◆ Problem to solve ◆
Instruction for the entries below: return the part that opens with the line containing "- 1円■極美品■ヴィンテージ■セリーヌ■マカダム ミニ" and closes with the line containing "Yumuşak triko kumaştan, düğmeli", exactly, and no pictures.

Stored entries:
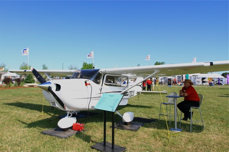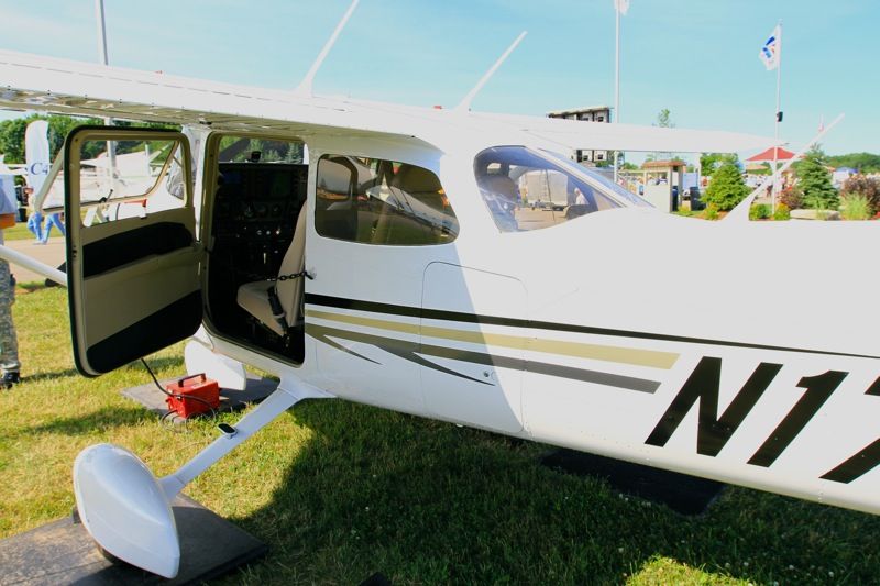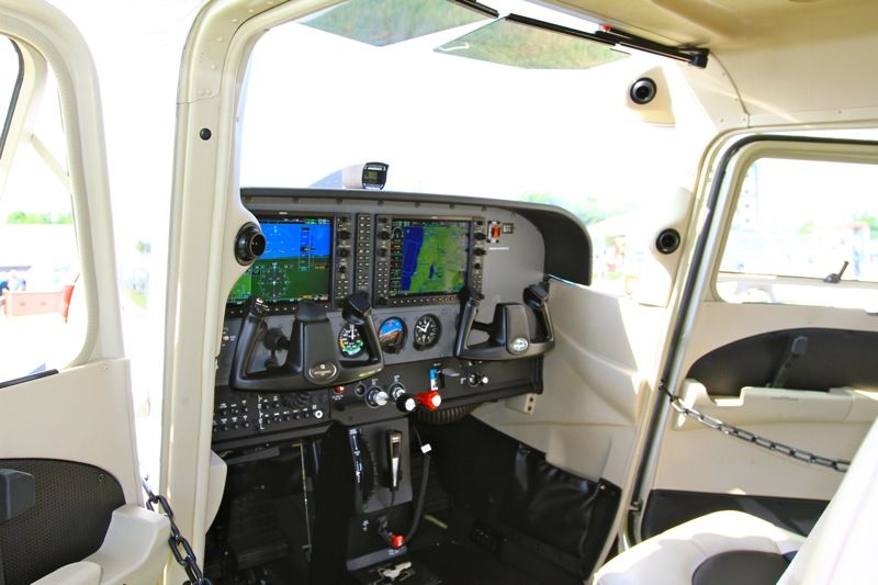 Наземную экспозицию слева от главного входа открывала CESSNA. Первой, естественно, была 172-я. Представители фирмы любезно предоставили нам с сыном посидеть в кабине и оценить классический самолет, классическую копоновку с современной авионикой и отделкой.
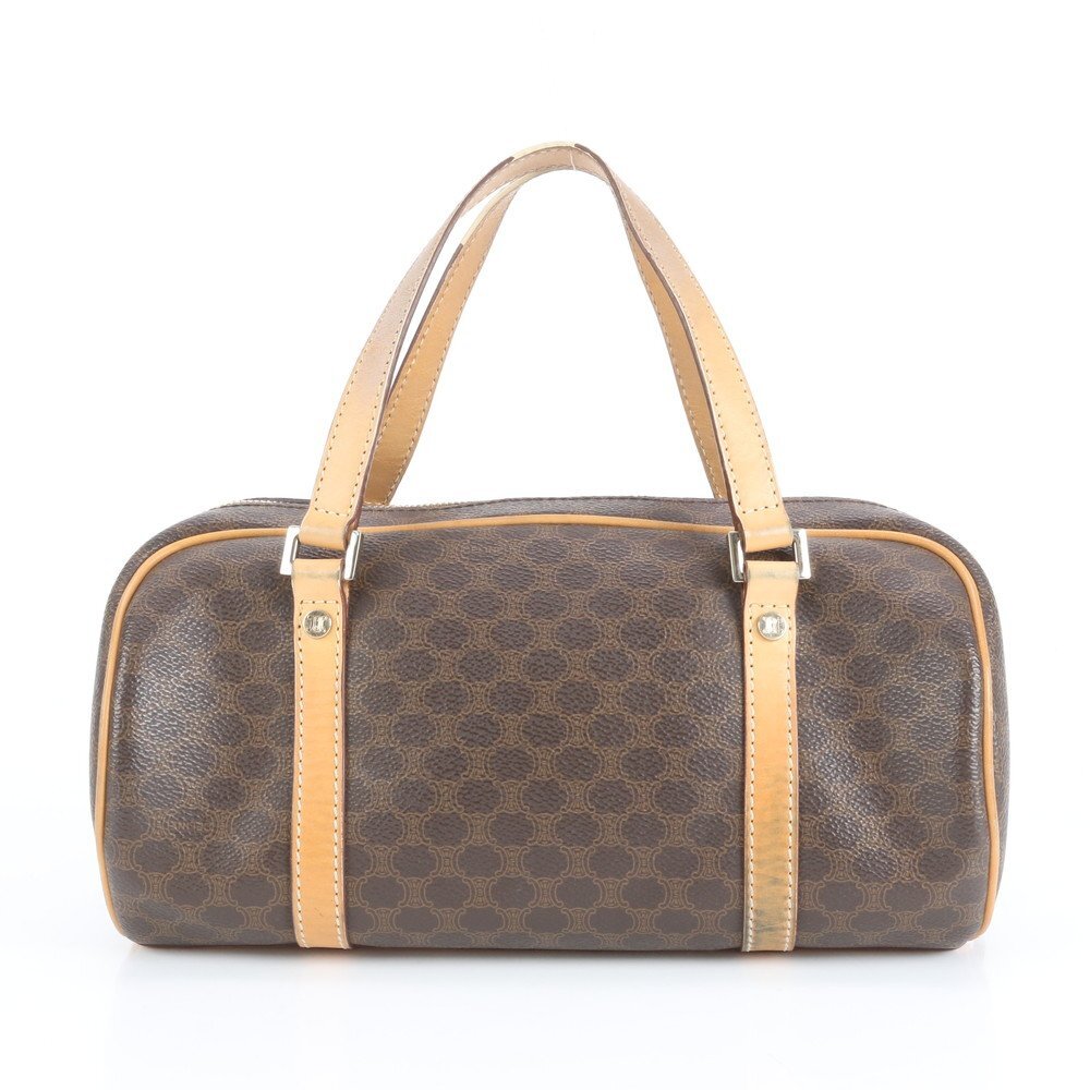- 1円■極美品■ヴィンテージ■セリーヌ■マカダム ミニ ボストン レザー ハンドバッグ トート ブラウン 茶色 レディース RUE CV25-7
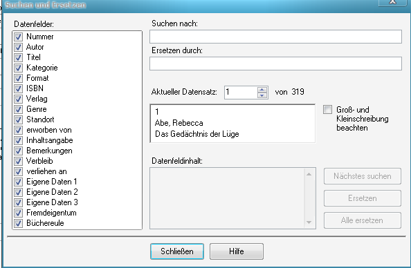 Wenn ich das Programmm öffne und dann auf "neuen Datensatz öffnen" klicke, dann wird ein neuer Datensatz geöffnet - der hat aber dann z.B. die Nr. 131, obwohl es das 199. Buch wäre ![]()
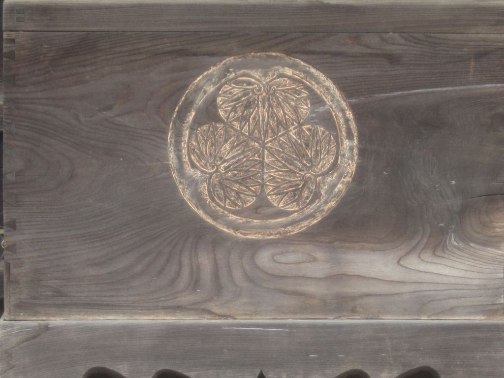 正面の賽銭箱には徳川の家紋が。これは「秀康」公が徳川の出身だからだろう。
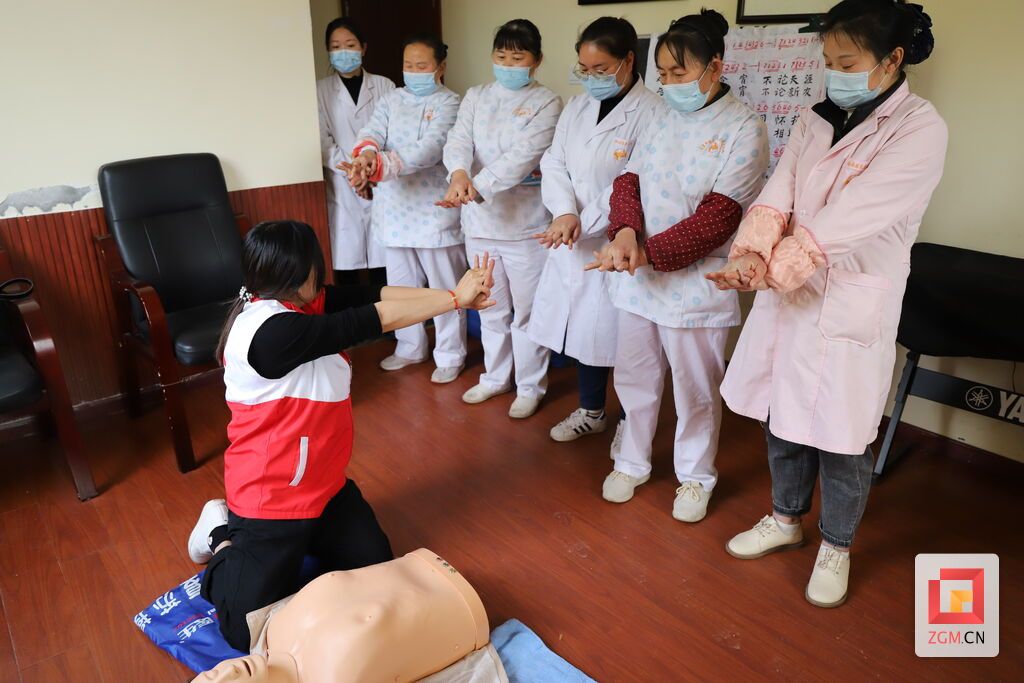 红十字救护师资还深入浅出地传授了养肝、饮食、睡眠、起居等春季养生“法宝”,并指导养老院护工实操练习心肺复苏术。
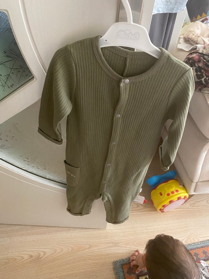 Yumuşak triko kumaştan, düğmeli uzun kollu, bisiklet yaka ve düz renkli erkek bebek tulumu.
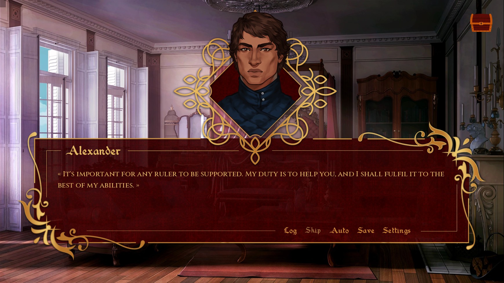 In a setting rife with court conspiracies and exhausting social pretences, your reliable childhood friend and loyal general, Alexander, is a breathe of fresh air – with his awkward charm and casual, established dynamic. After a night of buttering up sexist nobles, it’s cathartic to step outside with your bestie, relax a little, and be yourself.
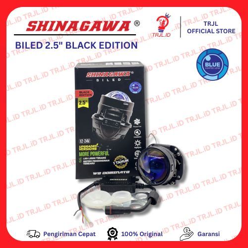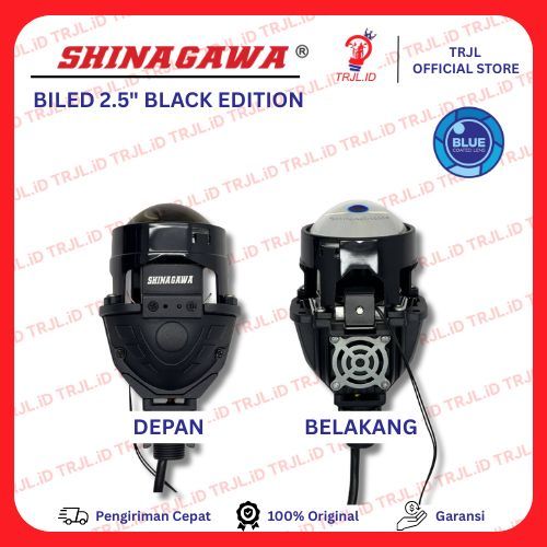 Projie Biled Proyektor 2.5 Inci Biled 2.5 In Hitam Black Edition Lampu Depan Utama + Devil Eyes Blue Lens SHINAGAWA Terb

◆ Result ◆
- 1円■極美品■ヴィンテージ■セリーヌ■マカダム ミニ ボストン レザー ハンドバッグ トート ブラウン 茶色 レディース RUE CV25-7
 Wenn ich das Programmm öffne und dann auf "neuen Datensatz öffnen" klicke, dann wird ein neuer Datensatz geöffnet - der hat aber dann z.B. die Nr. 131, obwohl es das 199. Buch wäre ![]()
 正面の賽銭箱には徳川の家紋が。これは「秀康」公が徳川の出身だからだろう。
 红十字救护师资还深入浅出地传授了养肝、饮食、睡眠、起居等春季养生“法宝”,并指导养老院护工实操练习心肺复苏术。
 Yumuşak triko kumaştan, düğmeli uzun kollu, bisiklet yaka ve düz renkli erkek bebek tulumu.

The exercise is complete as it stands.